Provided material
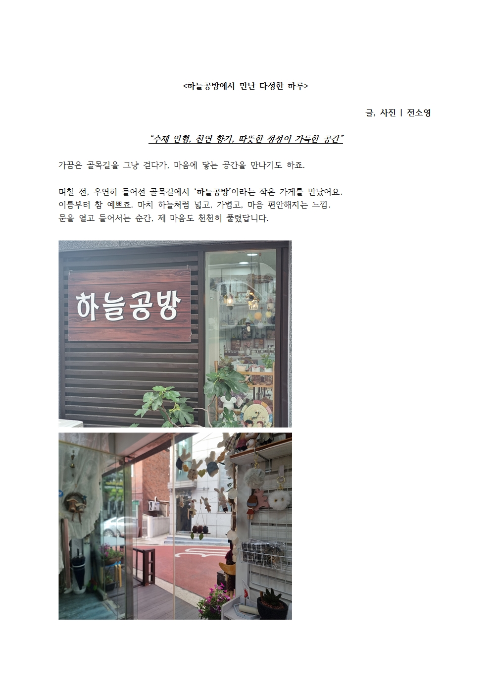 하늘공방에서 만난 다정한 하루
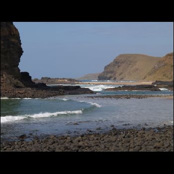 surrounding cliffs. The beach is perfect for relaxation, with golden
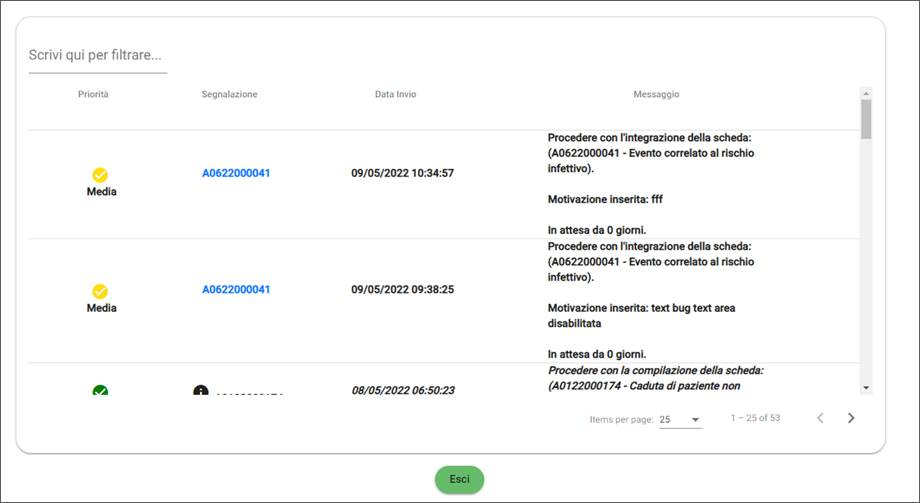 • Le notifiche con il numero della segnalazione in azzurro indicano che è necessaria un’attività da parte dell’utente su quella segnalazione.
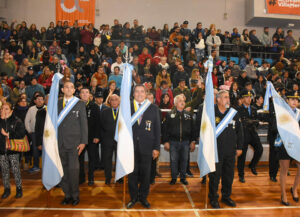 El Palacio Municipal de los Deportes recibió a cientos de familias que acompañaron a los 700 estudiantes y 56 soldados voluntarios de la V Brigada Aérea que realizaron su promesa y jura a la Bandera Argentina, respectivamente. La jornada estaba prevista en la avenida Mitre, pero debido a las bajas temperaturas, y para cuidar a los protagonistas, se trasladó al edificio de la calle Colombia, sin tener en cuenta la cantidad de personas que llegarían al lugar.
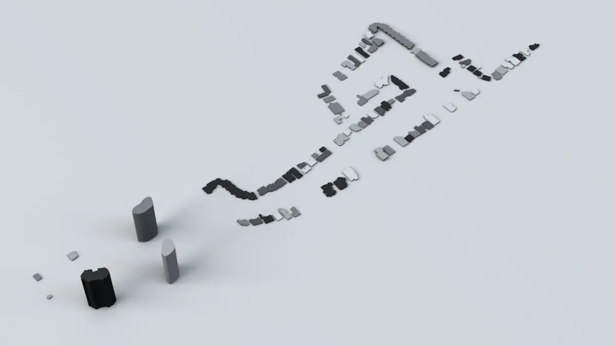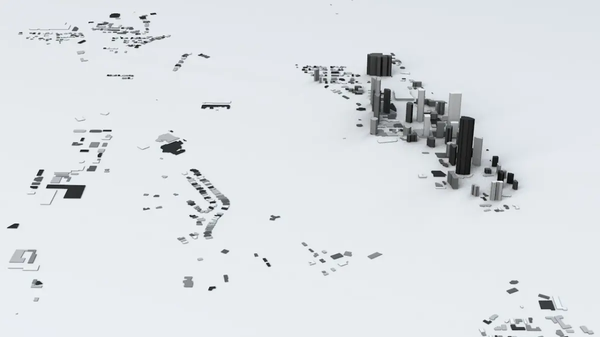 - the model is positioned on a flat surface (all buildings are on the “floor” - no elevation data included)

Task prompt
Each line from the start of the entries to the line holding "su quella segnalazione." is to be given again exactly, both ends included, and each picture is to be left out.

Written reply
 하늘공방에서 만난 다정한 하루
 surrounding cliffs. The beach is perfect for relaxation, with golden
 • Le notifiche con il numero della segnalazione in azzurro indicano che è necessaria un’attività da parte dell’utente su quella segnalazione.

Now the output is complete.